La guerra en México no responde a una “estrategia”. La guerra en México tiene matices políticos inexorables. Por eso la clase política insiste en que se debe evitar “la politización de la estrategia”: que no se cuestione, que no se discuta, que no se advierta el sesgo político inmanente. El gobierno teme que la gente descubra los propósitos no confesados de la cruzada anti-narco: a saber, que la finalidad de la guerra es anular el cambio social, político; que la misión del militarismo es conservar, por la vía de la vigilancia, el control, la violencia, las antiguas estructuras de poder, aún vigentes.
No es la narcoguerra per se la que cancela el cambio, ni el terror que la guerra engendra (aunque sin duda es un factor socialmente paralizador).
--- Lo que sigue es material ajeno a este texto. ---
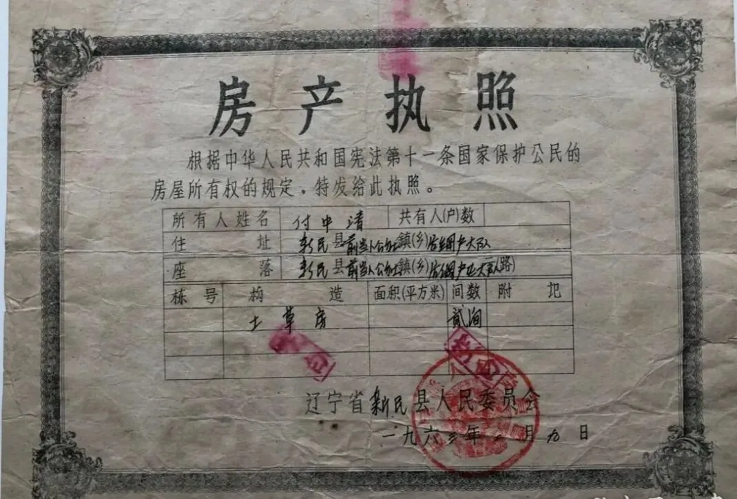 仅在微信公众号发表。其它平台转载请联系作者授权,并务必注明出处。未经许可,任何组织和个人,不得将本文中的信息用于出版、发行等目的! 最近,偶然看到一张新民县老的房产执照照片,对之分析后,又对村的历史研究下,全面如下。如有纰漏,请望谅解。 房产执照照片

La suspensión del cambio al que aludimos, viene como consecuencia de las políticas que el Estado instrumenta –el militarismo, la seguridad nacional– para “combatir” ese “enemigo doméstico (el narco)” cuya existencia aquí no se pone en cuestión, pero cuya realidad es tan sólo comparable a la de los Reyes Magos (es decir, parcialmente, o acaso predominantemente artificial). Esto es, la narcoguerra en México responde directamente a un proyecto de clase (no de Nación); pende de una excusa, un pretexto –el narco o la delincuencia–, para imponer una agenda económica, política, en detrimento de las demandas históricas de la sociedad; una sociedad –la mexicana– tristemente habituada a la tradición canallesca e impositiva de la clase gobernante. Michel Foucault escribe, en relación con este aspecto: “La delincuencia es un instrumento para administrar y explotar los ilegalismos”. En esta misma tesitura, Javier Sicilia también escribe: “Detrás de la moral puritana contra las drogas, lo que en realidad se encubre es la construcción de una guerra que permite administrar el conflicto para maximizar capitales. ¿Quiénes ganan? Los negocios contraproductivos [los ilegalismos institucionales]: los bancos que lavan dinero, la industria armamentista, los administradores de cárceles, las mafias, las Fuerzas Armadas, los laboratorios de producción de drogas, las policías y los funcionarios corruptos [aquí Javier incurre en un pleonasmo]”.
Con el propósito de dar sustentabilidad ideológica al ilegalismo rampante de las elites (clase empresarial y política), el Estado a menudo excusa las políticas que adopta alegando obligatoriedad en sus acciones: en México se pretexta la militarización en razón de la proliferación del crimen organizado. Este argumento se adereza con una serie de consignas ideológicas. Por ejemplo, aducir que la “estrategia” –el militarismo– tiene como objeto evitar que la droga llegue a manos de los más jóvenes. Empero, casual o coincidentemente, el consumo de cocaína y otras drogas se ha duplicado en años recientes, especialmente entre la franja de jóvenes que va de los 12 a los 17 años (OEA). Según cifras oficiales de la Secretaría de Salud, la tendencia al alza en el consumo de cocaína alcanza actualmente los 2.4 millones de personas (MILENIO).
De lo anterior se infiere que los objetivos declarados constituyen tan sólo un telón cuyo propósito es ocultar a la sociedad los objetivos reales, apreciablemente inconfesables. Y estos objetivos reales, que yacen en el fondo de una guerra que más que estrategia refiere a una política de Estado, si fueren revelados, desenmascararían el carácter profundamente arbitrario, leonino, del Estado mexicano. Huelga decir que son estos intereses sectoriales, y no el tema de la salud y/o seguridad públicas, lo que explica el fenómeno del militarismo en México y la incalificable violencia que engendra. Walter Benjamin alude a esta fórmula sin matices ideológicos: “El militarismo es la obligación del empleo universal de la violencia como medio para los fines del Estado”.